PROBLEM STATEMENT: Copy the data below exactly. Any pictures in it should be omitted.

BEGIN DATASET ENTRIES

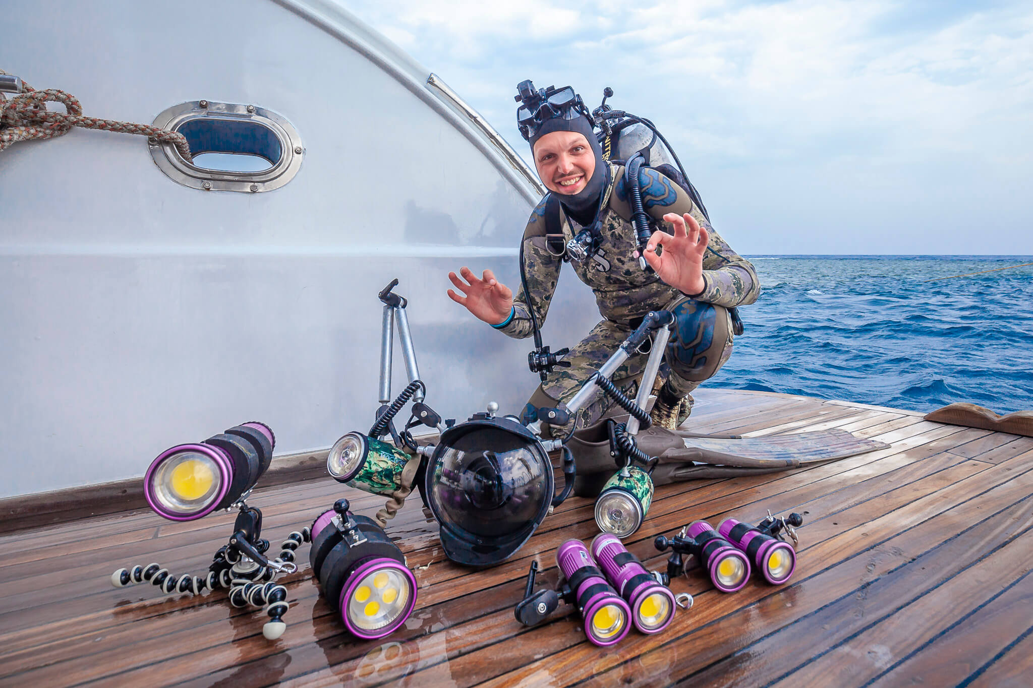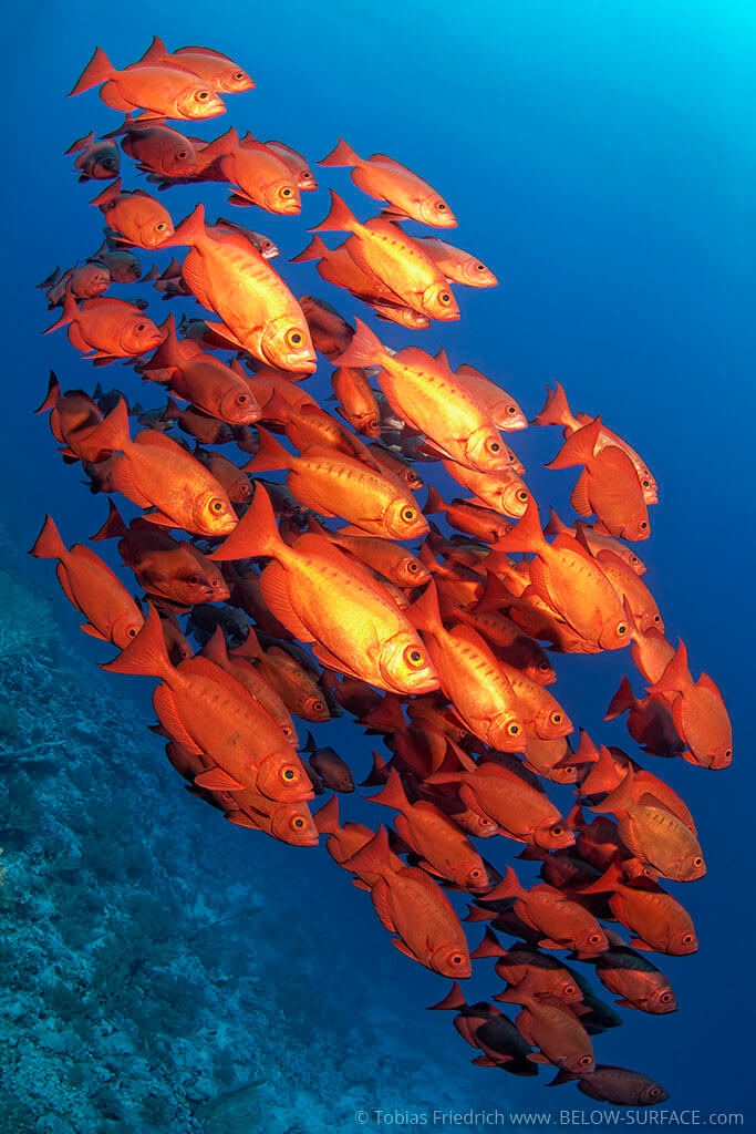 The workshop leader Tobias Friedrich will alternately accompany the participants during the dives in order to be able to give suggestions during and after the dive. Between the dives, Tobias is available for questions and suggestions. Every evening there is a picture discussion with all participants, where one photos per person is assessed and processed. In addition, general techniques of underwater photography are discussed, which are based on the wishes of the participants and can include the following topics:
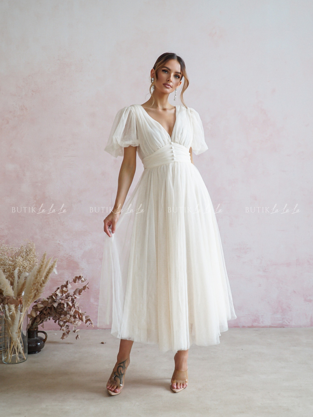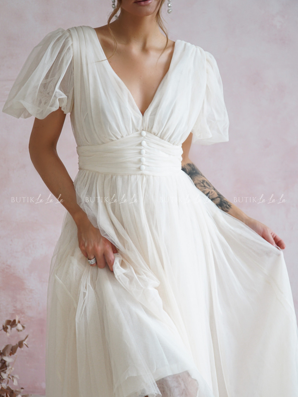 sukienka kremowa tiulowa Murillo
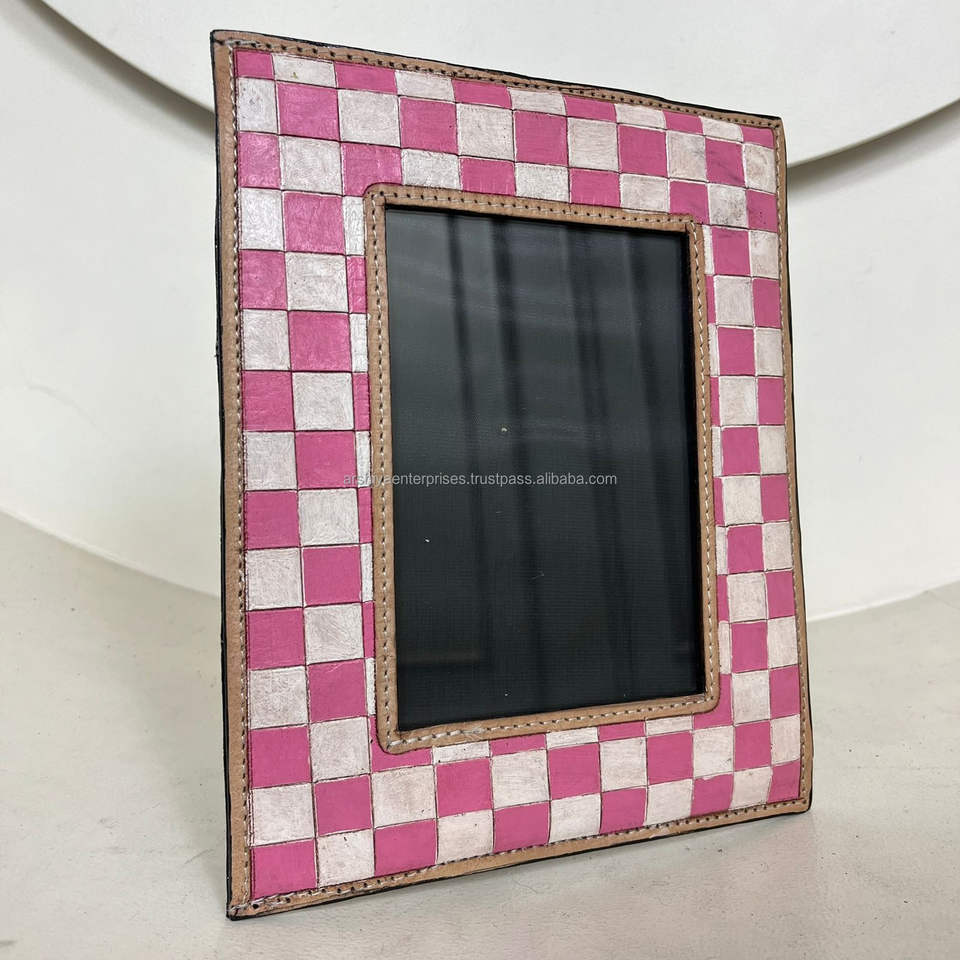 Pink & White Checkerboard Photo Frame Modern Hand Tooled Leather Decorative Desk Frame Wholesale Home Decor Customizable Sizes
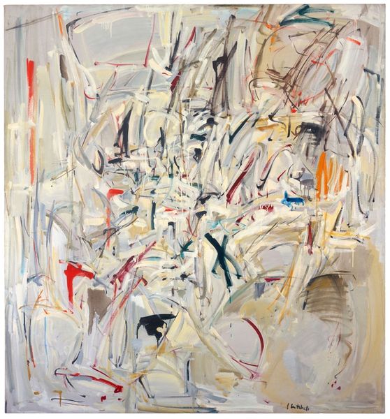 Curator: Up next we have "La Chatiere" painted by Joan Mitchell in 1960, a key example of Abstract Expressionism from her vibrant period in France. Editor: It feels both chaotic and tightly controlled. There’s a sense of raw energy emanating from that central cluster of color, almost threatening to burst apart, yet somehow the composition holds. Curator: Mitchell was working within the established language of Abstract Expressionism, but pushing against it too. In that historical context, New York was seen as the undisputed center, yet here she is, an American in France, contributing a distinctive voice to the movement. Editor: Yes, look at how she orchestrates that network of lines. There is a certain weight assigned to color to create both dynamism and depth, while the drips and splatters are deliberately positioned—it's a conversation of intentionality and chance. Curator: It's worth noting the social life of the painting, its status. "La Chatiere" shows Mitchell, a female artist, striving for and achieving the scale of artistic recognition afforded her male counterparts like de Kooning and Pollock. These canvases become spaces of claiming. Editor: You're right, it has ambition in its size, but consider her use of layering: each stroke and blot builds a complex tapestry where certain shapes disappear into and emerge from this complex pictorial architecture. Note also that intense field of black against areas of exposed primed canvas, such a vital contrast of dark and light. Curator: "La Chatiere," as with so many abstract works of this era, allows audiences a different form of connection. Rather than depict the external world it strives to capture emotions. In viewing this painting, consider that period's sociopolitical environment -the height of the Cold War, a time of societal change and unease that many artists strived to process. Editor: This piece demands our focus, our active viewing to make sense of how it exists as an emotional artifact. Every element carries such intentional visual meaning and has great significance to our aesthetic response. Curator: Understanding Mitchell's ambition and context enhances our experience and appreciation for this work, while we both have brought our expertise, hopefully that in turn allows you a more engaged look. Editor: Ultimately, “La Chatiere" provides so many avenues of aesthetic investigation and such dynamism within its materiality, line and light.
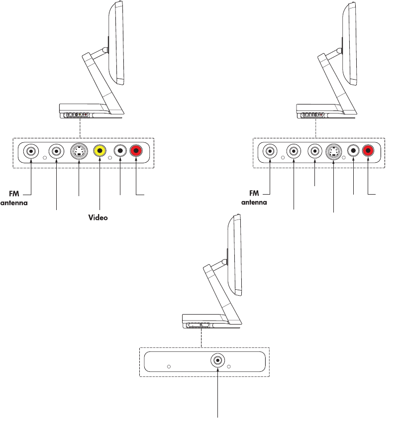 FM antenna, TV In, HDTV/ATSC, S-Video, left and right audio connectors
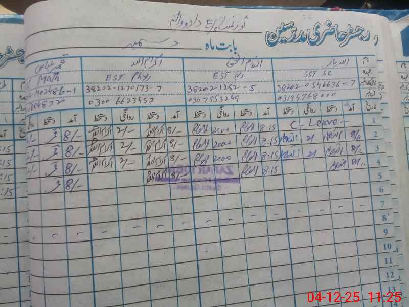 | CNIC | Full Name | Designation | R/C | Absence During Last Calender Month |
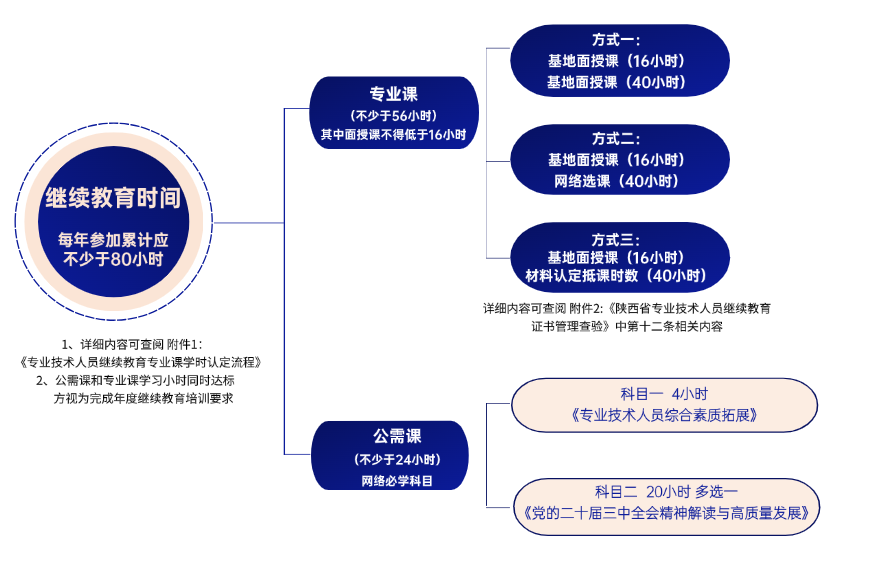 按照要求,参加培训人员每年参加继续教育时间累计应不少于80小时,其中公需课不少于24小时,专业课不少于56小时,公需课和专业课学习学时同时达标方视为完成年度继续教育培训要求,请自行注册学习。
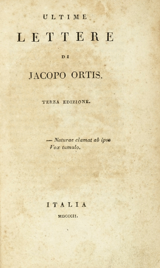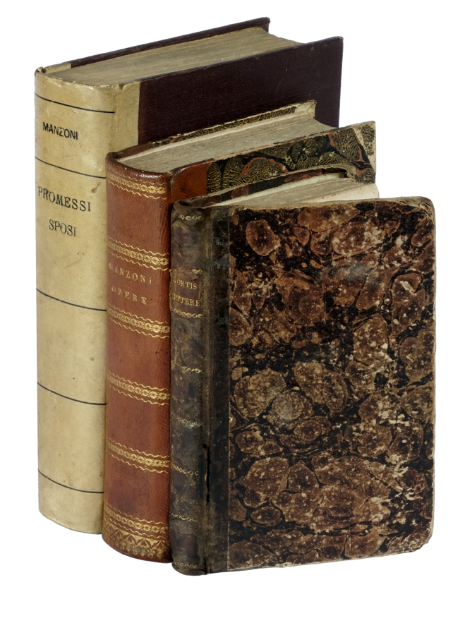 Manzoni Alessandro, I Promessi Sposi con illustrazioni tratte dalla storia lombarda di Cesare Cantù. Firenze: David Passigli e soci, 1836. In-8° (mm 190x125). Con illustrazioni a piena pagina fuori testo. Legatura coeva in mezza pelle con piatti in carta marmorizzata e titoli in oro al dorso. SI AGGIUNGE: Id., I Promessi Sposi [...] nelle due edizioni del 1840 e 1825 raffrontate tra loro dal prof. Riccardo Folli. Milano: Domenico Briola, 1896. 1 volume in-4° (mm 220x140). SI AGGIUNGE: Foscolo Ugo, Ultime lettere di Jacopo Ortis. Terza edizione. Italia: s.e., 1802. 1 volume in-8° (mm 170x102). (3)
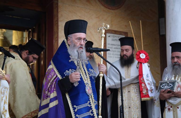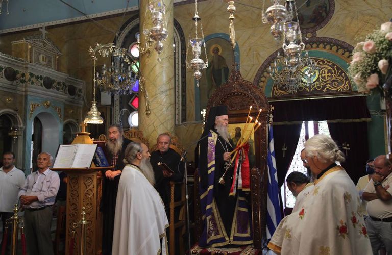 Ο Σεβασμιώτατος χοροστάτησε στην ακολουθία του μεθέορτου πανηγυρικού Εσπερινού και στη συνέχεια προεξήρχε στην λιτάνευση της ιεράς Εικόνος της Υπεραγίας Θεοτόκου στους δρόμους του χωριού.
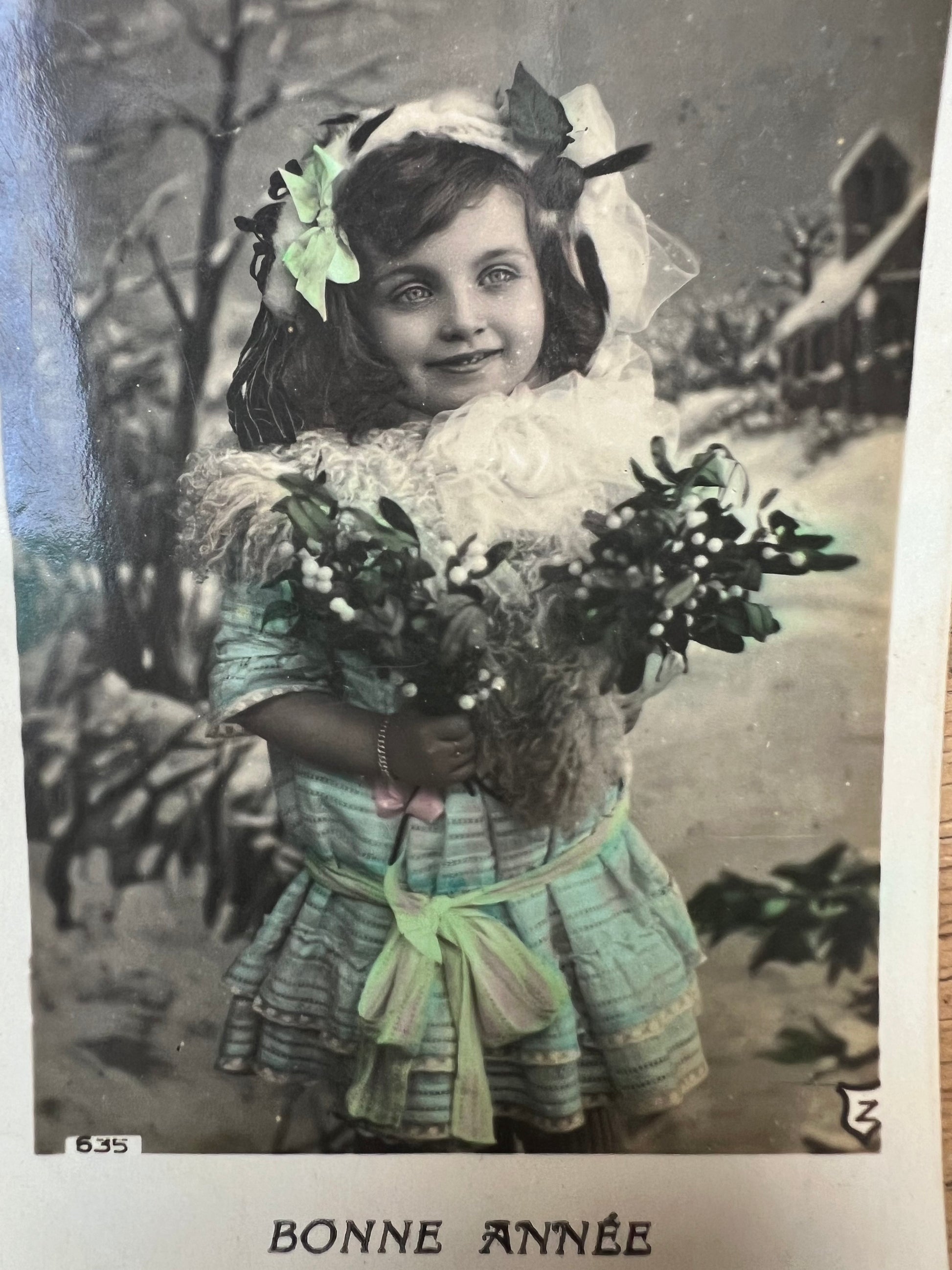 4 French Children in the Snow Christmas Postcards sent in 1916 & 1919

END DATASET ENTRIES

WRITTEN ANSWER:
 The workshop leader Tobias Friedrich will alternately accompany the participants during the dives in order to be able to give suggestions during and after the dive. Between the dives, Tobias is available for questions and suggestions. Every evening there is a picture discussion with all participants, where one photos per person is assessed and processed. In addition, general techniques of underwater photography are discussed, which are based on the wishes of the participants and can include the following topics:
 sukienka kremowa tiulowa Murillo
 Pink & White Checkerboard Photo Frame Modern Hand Tooled Leather Decorative Desk Frame Wholesale Home Decor Customizable Sizes
 Curator: Up next we have "La Chatiere" painted by Joan Mitchell in 1960, a key example of Abstract Expressionism from her vibrant period in France. Editor: It feels both chaotic and tightly controlled. There’s a sense of raw energy emanating from that central cluster of color, almost threatening to burst apart, yet somehow the composition holds. Curator: Mitchell was working within the established language of Abstract Expressionism, but pushing against it too. In that historical context, New York was seen as the undisputed center, yet here she is, an American in France, contributing a distinctive voice to the movement. Editor: Yes, look at how she orchestrates that network of lines. There is a certain weight assigned to color to create both dynamism and depth, while the drips and splatters are deliberately positioned—it's a conversation of intentionality and chance. Curator: It's worth noting the social life of the painting, its status. "La Chatiere" shows Mitchell, a female artist, striving for and achieving the scale of artistic recognition afforded her male counterparts like de Kooning and Pollock. These canvases become spaces of claiming. Editor: You're right, it has ambition in its size, but consider her use of layering: each stroke and blot builds a complex tapestry where certain shapes disappear into and emerge from this complex pictorial architecture. Note also that intense field of black against areas of exposed primed canvas, such a vital contrast of dark and light. Curator: "La Chatiere," as with so many abstract works of this era, allows audiences a different form of connection. Rather than depict the external world it strives to capture emotions. In viewing this painting, consider that period's sociopolitical environment -the height of the Cold War, a time of societal change and unease that many artists strived to process. Editor: This piece demands our focus, our active viewing to make sense of how it exists as an emotional artifact. Every element carries such intentional visual meaning and has great significance to our aesthetic response. Curator: Understanding Mitchell's ambition and context enhances our experience and appreciation for this work, while we both have brought our expertise, hopefully that in turn allows you a more engaged look. Editor: Ultimately, “La Chatiere" provides so many avenues of aesthetic investigation and such dynamism within its materiality, line and light.
 FM antenna, TV In, HDTV/ATSC, S-Video, left and right audio connectors
 | CNIC | Full Name | Designation | R/C | Absence During Last Calender Month |
 按照要求,参加培训人员每年参加继续教育时间累计应不少于80小时,其中公需课不少于24小时,专业课不少于56小时,公需课和专业课学习学时同时达标方视为完成年度继续教育培训要求,请自行注册学习。
 Manzoni Alessandro, I Promessi Sposi con illustrazioni tratte dalla storia lombarda di Cesare Cantù. Firenze: David Passigli e soci, 1836. In-8° (mm 190x125). Con illustrazioni a piena pagina fuori testo. Legatura coeva in mezza pelle con piatti in carta marmorizzata e titoli in oro al dorso. SI AGGIUNGE: Id., I Promessi Sposi [...] nelle due edizioni del 1840 e 1825 raffrontate tra loro dal prof. Riccardo Folli. Milano: Domenico Briola, 1896. 1 volume in-4° (mm 220x140). SI AGGIUNGE: Foscolo Ugo, Ultime lettere di Jacopo Ortis. Terza edizione. Italia: s.e., 1802. 1 volume in-8° (mm 170x102). (3)
 Ο Σεβασμιώτατος χοροστάτησε στην ακολουθία του μεθέορτου πανηγυρικού Εσπερινού και στη συνέχεια προεξήρχε στην λιτάνευση της ιεράς Εικόνος της Υπεραγίας Θεοτόκου στους δρόμους του χωριού.
 4 French Children in the Snow Christmas Postcards sent in 1916 & 1919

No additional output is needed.